Finora, i ricercatori conoscono il tratto genetico distintivo di cinque gruppi di riproduzione di tartarughe embricate dell’Asia Pacifica che fanno capo a sette singoli luoghi di nidificazione. Jensen ha affermato che il team di ricerca vuole triplicare questi numeri entro la fine del 2022, collaborando con ricercatori di tutta la regione, per campionare ancora più tartarughe e prodotti fatti con il loro guscio e per costruire i loro profili genetici.

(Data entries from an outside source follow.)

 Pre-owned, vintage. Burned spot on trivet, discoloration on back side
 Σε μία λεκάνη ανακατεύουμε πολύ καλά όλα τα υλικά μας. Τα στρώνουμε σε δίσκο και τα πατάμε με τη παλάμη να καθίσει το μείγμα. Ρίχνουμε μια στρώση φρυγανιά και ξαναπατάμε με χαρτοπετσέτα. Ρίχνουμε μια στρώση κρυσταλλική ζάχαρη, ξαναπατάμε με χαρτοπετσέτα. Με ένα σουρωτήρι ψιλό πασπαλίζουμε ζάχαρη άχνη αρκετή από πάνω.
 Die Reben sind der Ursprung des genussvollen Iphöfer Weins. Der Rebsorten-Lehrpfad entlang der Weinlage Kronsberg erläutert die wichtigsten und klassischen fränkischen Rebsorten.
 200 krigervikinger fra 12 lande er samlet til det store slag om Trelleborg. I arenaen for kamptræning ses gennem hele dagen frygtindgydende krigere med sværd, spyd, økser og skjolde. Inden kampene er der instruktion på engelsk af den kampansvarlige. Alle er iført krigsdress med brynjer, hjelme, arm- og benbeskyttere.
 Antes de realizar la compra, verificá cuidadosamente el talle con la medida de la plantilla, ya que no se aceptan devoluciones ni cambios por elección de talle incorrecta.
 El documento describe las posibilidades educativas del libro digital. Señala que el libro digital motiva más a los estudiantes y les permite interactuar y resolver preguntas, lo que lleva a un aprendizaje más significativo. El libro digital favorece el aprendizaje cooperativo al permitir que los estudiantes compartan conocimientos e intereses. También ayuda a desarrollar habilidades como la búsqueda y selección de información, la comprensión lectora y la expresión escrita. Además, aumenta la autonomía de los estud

“L’aspetto più impegnativo per una attribuzione precisa del luogo di nidificazione è rappresentata dalla creazione di un database esaustivo di tutte (o della maggior parte) le popolazioni riproduttive con cui effettuare un confronto. Con l’ampliamento del database, saremo in grado di ricostruire l’origine di una popolazione con precisione sempre maggiore,” ha detto Jensen.

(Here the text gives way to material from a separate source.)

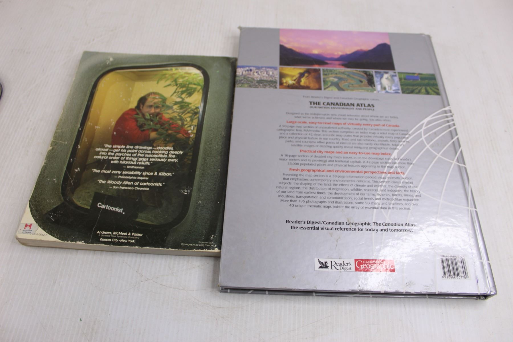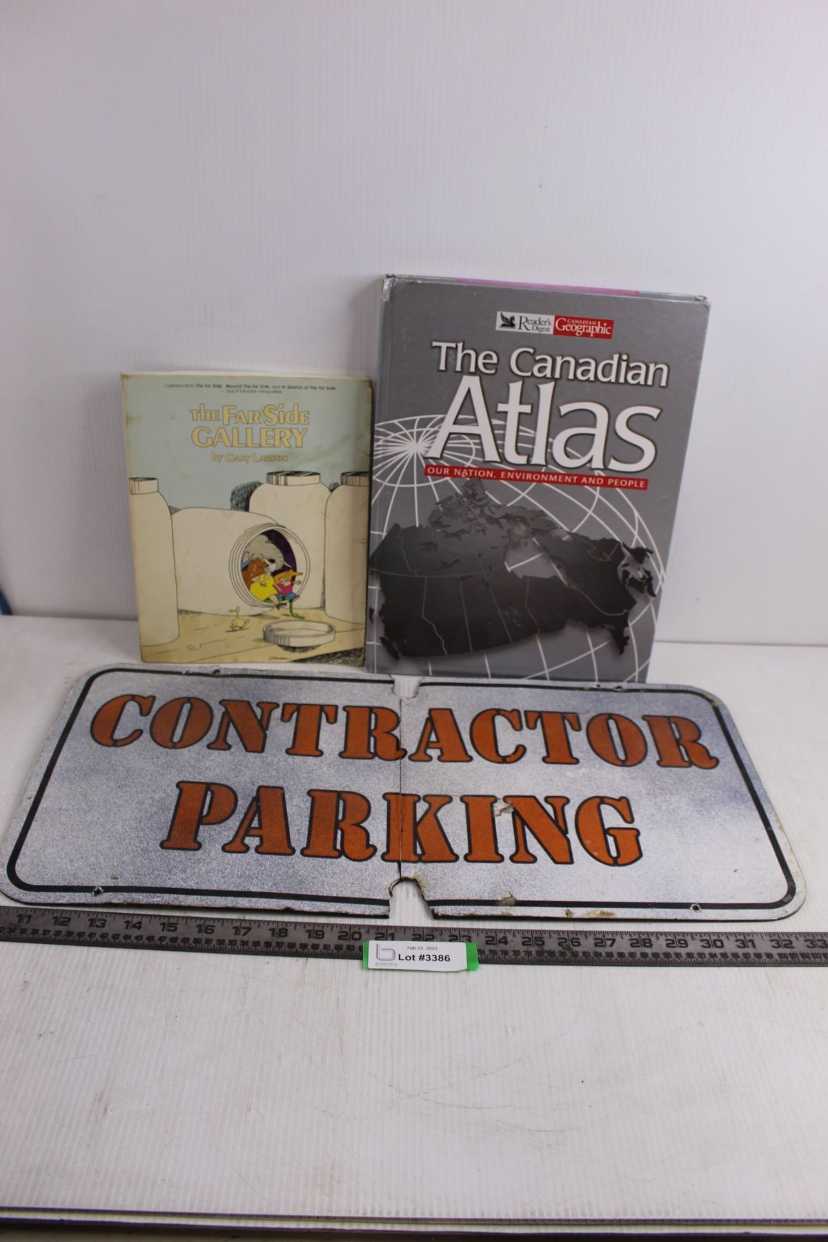 (2) Books (Canadian Atlas, Far Side Cartoon Book), Metal Sign "Contractor Parking" 24" x 12"

“Abbiamo davvero bisogno di ogni risorsa a nostra disposizione per rallentare e, prima o poi, porre fine l’insostenibile sfruttamento delle tartarughe marine, e la chiave per riuscirci è la collaborazione,” ha scritto in una e-mail a Mongabay un portavoce del Large Marine Vertebrates Research Institute (LAMAVE), un’associazione no-profit con sede nelle Filippine che, come tante altre, sta collaborando alla realizzazione del database ShellBank. “In un paese come le Filippine, formato da oltre 7.600 isole e con 109 milioni di abitanti, questi dati contribuiranno a concentrare e sfruttare a meglio le risorse esistenti e a rafforzare enormemente le misure adottate dalle autorità nazionali per combattere il traffico illegale di fauna selvatica,” continua l’e-mail.

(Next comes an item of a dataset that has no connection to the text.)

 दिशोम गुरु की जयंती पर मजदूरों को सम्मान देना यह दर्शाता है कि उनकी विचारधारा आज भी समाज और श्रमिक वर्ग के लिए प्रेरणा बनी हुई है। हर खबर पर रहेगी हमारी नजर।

Oltre che nelle nuove scoperte nel campo della genetica, Jensen ha detto di avere molta fiducia nel recente impegno politico, a livello mondiale, per contrastare il commercio illegale di tartarughe. All’inizio dell’anno, infatti, Cambogia, Myanmar, Filippine e Vietnam hanno sostenuto un piano d’azione regionale dedicato alla protezione di questa specie nell’ambito del loro impegno nella Convenzione sulle Specie Migratorie. Nello stesso periodo, a seguito di un severo divieto sui prodotti in guscio di tartaruga, gli esemplari di tartaruga embricata nelle Seychelles, ormai decimati, si sono ripresi.
“Se il traffico illegale di prodotti in guscio di tartaruga procede senza controllo, continuerà a fare pressione sulle popolazioni più ristrette e più vulnerabili,” sostiene Jensen. “Siamo fiduciosi che progetti come ShellBank contribuiscano a porre fine al traffico illegale di prodotti in guscio di tartaruga e a fornire alle tartarughe embricate la protezione necessaria alla loro ripresa.”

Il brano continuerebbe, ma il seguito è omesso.